Congressional committees are holding up a plan to send U.S. weapons to rebels fighting Syrian President Bashar al-Assad because of fears that such deliveries will not be decisive and the arms might end up in the hands of Islamist militants, five U.S. national security sources said…
Committee members also want to hear more about the administration’s overall Syria policy, and about how it believes its arms plan will affect the situation on the ground, where Assad’s forces have made recent gains…
Although initially the House committee voiced greater opposition than its Senate counterpart, after further consideration the Senate panel became concerned enough about the plan to write a letter to the administration raising questions about it, two of the sources said.
At the same time, the appropriations committees of both chambers, which also routinely review secret intelligence or military aid programs, raised doubts.
Funding is momentarily frozen and no U.S. arms have arrived in Syria — yet. One big wrinkle here: According to Reuters, the White House technically doesn’t need the intel committees to approve before it starts shipping weapons. It’s holding off right now under an unwritten rule that the commander-in-chief doesn’t move ahead with arming a new client until Congress’s intelligence brain trust feels comfortable. That makes me wonder whether O sees this as an obstacle or as a sort of convenient “out” clause which he can use as a pretext to cancel the dopey plan to arm the rebels and then blame Congress for having forced his hand when his Sunni allies complain. In that sense, this reminds me of Libya in reverse. In that case, Congress rolled over because it didn’t want to risk thwarting an intervention which the White House claimed was designed to save thousands from a mass slaughter. Better to let O skirt the War Powers Act and then raise hell about it later if the intervention went badly. In this case, with the mass slaughter having already occurred and nothing left on the ground but Assad and his Iranian masters on one side and jihadis and their weak moderate pseudo-secularist partners on the other, maybe O’s happy to roll over and then blame Congress later if Assad continues to steamroll the Sunnis. Egyptians are mad at him for being too cozy with the local Islamists, right? Well, here’s his chance to atone by pulling the plug on another bunch of Islamists who’d surely benefit from U.S. intervention, whether the White House intends that or not.

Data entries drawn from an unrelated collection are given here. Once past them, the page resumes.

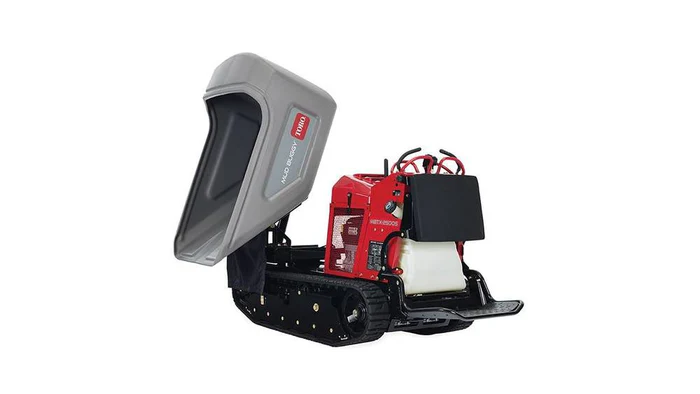 - Auto-Return Dump feature ensures the tub automatically returns to resting position so the operator can focus on retrieving the next load of materials.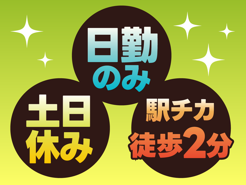 仕事内容 \日勤&5勤2休(土日休み)で生活リズムも安定♪/ ★《超・駅チカ》!名鉄「聚楽園」駅から徒歩2分! ★《冷暖房完備》だから寒い冬も暑い夏も快適♪ ★《専門的な知識・経験は一切不要》!未経験スタート大歓迎! ★製造デビューの方も《安心のサポート体制》です◎ <具体的な仕事内容> 車のエンジンに使用される電子部品を、 デスクに座って目視検査し、 良い物と悪い物を教えられたとおりに分けます。 ほとんどの方は未経験から始めています。 職場は空調完備なので、夏は涼しく、冬はあたたかい職場です。 <こんな方にピッタリ> ・友だちや家族と休日を合わせたい方(日勤&土日休み◎) ・通勤に時間をかけたくない!という方(最寄駅から徒歩2分♪) ・マイカー通勤を希望している方(無料駐車場あり♪) ・工学系の学校に通ったことがある方 ※2/11~2/17は弊社システム改修のため、 期間中にご応募いただいた方へのご連絡は、 2/18より順次対応させていただきます。 少しお時間をいただきますが、ご了承ください。 ――――― 東海プロスは尾張エリアを中心に、 製造・物流を中心としたお仕事を 多く取り扱っています。 専任の担当者が こまめに顔を出しますので、 なにか困ったことや わからないことがあれば スグに質問ができる環境です。 アナタをしっかりサポートします♪ 「フォローが手厚い!」と 実際に働いている方からも 評価をいただいております。 お気軽に何でも相談してくださいね!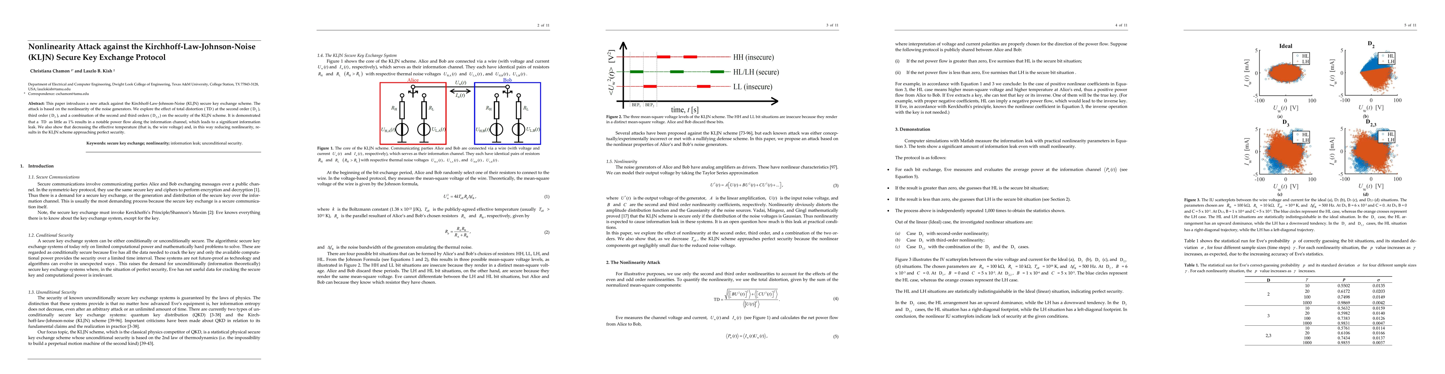 This paper presents a nonlinearity attack on the KLJN secure key exchange protocol, revealing that even minor distortions (as low as 1%) lead to significant information leakage. Reducing effective temperature and nonlinearity improves the scheme's security.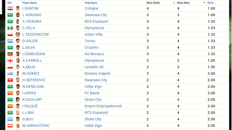 | TOP GOALSCORER TABLE |

Or maybe O will do what he did in Libya and simply ignore Congress’s misgivings if/when he decides that he can’t wait any longer to intervene.

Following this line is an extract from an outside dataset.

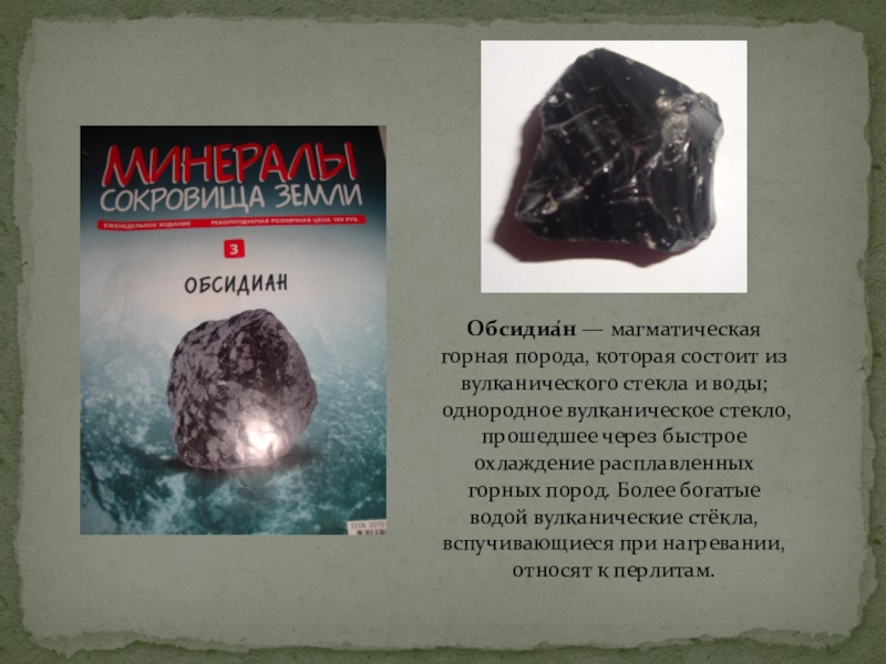 Слайд 5Обсидиа́н — магматическая горная порода, которая состоит из вулканического стекла и воды;
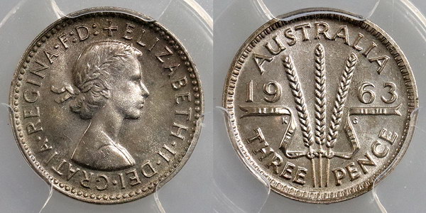 Threepence. 1963 Proof Threepence. PCGS graded...

Needless to say, the committees’ skepticism was, is, and will likely remain justified. Yusuf al-Qaradawi, who issued a fatwa on Morsi’s behalf this past weekend, called for a regional surge of Sunni fighters into Syria in late May, which is helping to further transform a civil war into a holy war. The rebels themselves are increasingly at each others’ throats, which raises the risk of U.S. weapons in “moderate” hands either being seized by Sunni jihadis or used against them in a rebel civil war instead of against Assad. And meanwhile, thanks to the coup in Egypt and the White House’s tacit consent to it, Syria’s Islamists are more convinced than ever that the only way to gain and hold power is through a gun, not a ballot. Even if the rebels do come back to oust Assad, what sort of Sunni regime is in the offing with the Islamists now soured completely on democracy?
Exit question: All of that notwithstanding, these weapons are assuredly going to make their way to the rebels in the end, right? C’mon. Team Intervention will not be denied.